Dopo una lite che aveva avuto con il barista e un cliente all’interno del locale, è andato via per poi fare ritorno dopo circa 10 minuti, estraendo una pistola.
Il 47enne, protagonista della vicenda, è stato poi fermato da suo figlio che si è impossessato dell’arma tenuta in pugbno dal padre, mentre entrambi si sono allontanti entrambi dall’esercizio pubblico.

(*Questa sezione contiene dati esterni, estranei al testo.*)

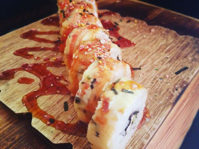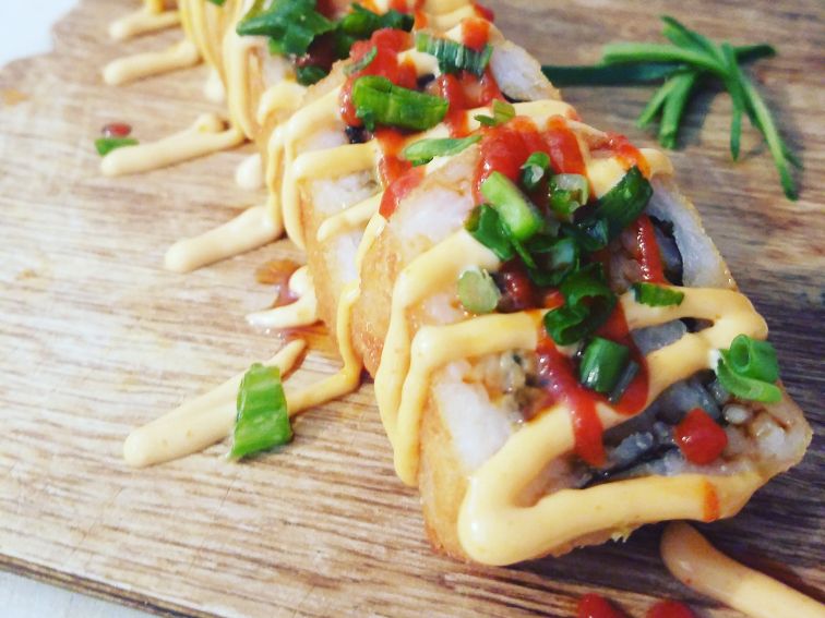 Aguacate, salmón frito,siracha preparada,furikake,togarachi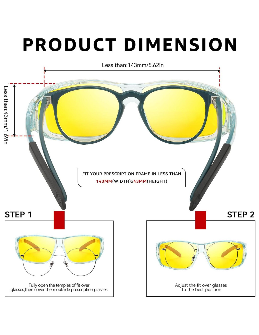 - CÓMODAS DE USAR: Estas gafas para conducir de noche están diseñadas especialmente para aquellos que usan gafas recetadas y se pueden usar fácilmente sobre gafas de miopía/lectura existentes; los usuarios de lentes de contacto o personas con visión normal también pueden usarlas solas

Il fatto è accaduto il 20 maggio scorso, i carabinieri di Casina, saputo dell’episodio, hanno informazioni dai presenti, riuscendo subito ad indirizzare le attenzioni investigative sugli indagati. A seguito di approfondite indagini, supportate anche da testimonianze, i carabinieri ritenendo fondato il motivo che nell’abitazione o negli immobili di proprietà dei presunti autori delle minacce vi potesse essere la pistola, hanno richiesto e ottenuto dalla Procura reggiana il decreto di perquisizione domiciliare e personale a carico degli indagati.
L’altra mattina il nucleo operativo di Castelnovo Monti e i colleghi di Casina, supportati da personale di Reggio Emilia con il nucleo cinofili di Bologna, hanno eseguito il decreto di perquisizione a carico del 47enne e del figlio 21enne, entrambi residenti nell’appennino reggiano.
La perquisizione ha dato esito positivo. Infatti nell’adiacente abitazione di proprietà di un terzo uomo di 66 anni (poi denunciato per favoreggiamento) i carabinieri hanno ritrovato la pistola usata per la minaccia, risultata essere una pistola a salve marca bruni guns, calibro 8 mm e 44 (quarantaquattro), cartucce a salve che il 66enne custodiva assieme a un’altra pistola a salve tipo revolver con 50 (cinquanta) cartucce a salve.
Per questi motivi i carabinieri della stazione di Casina hanno denunciato in stato di libertà alla Procura della Repubblica i tre: un 47enne, un 21enne, e un 66enne, tutti residenti sull’Appennino Reggiano responsabili a vario titolo dei reati di minaccia, detenzione e porto abusivo in luogo pubblico di arma da fuoco e favoreggiamento personale.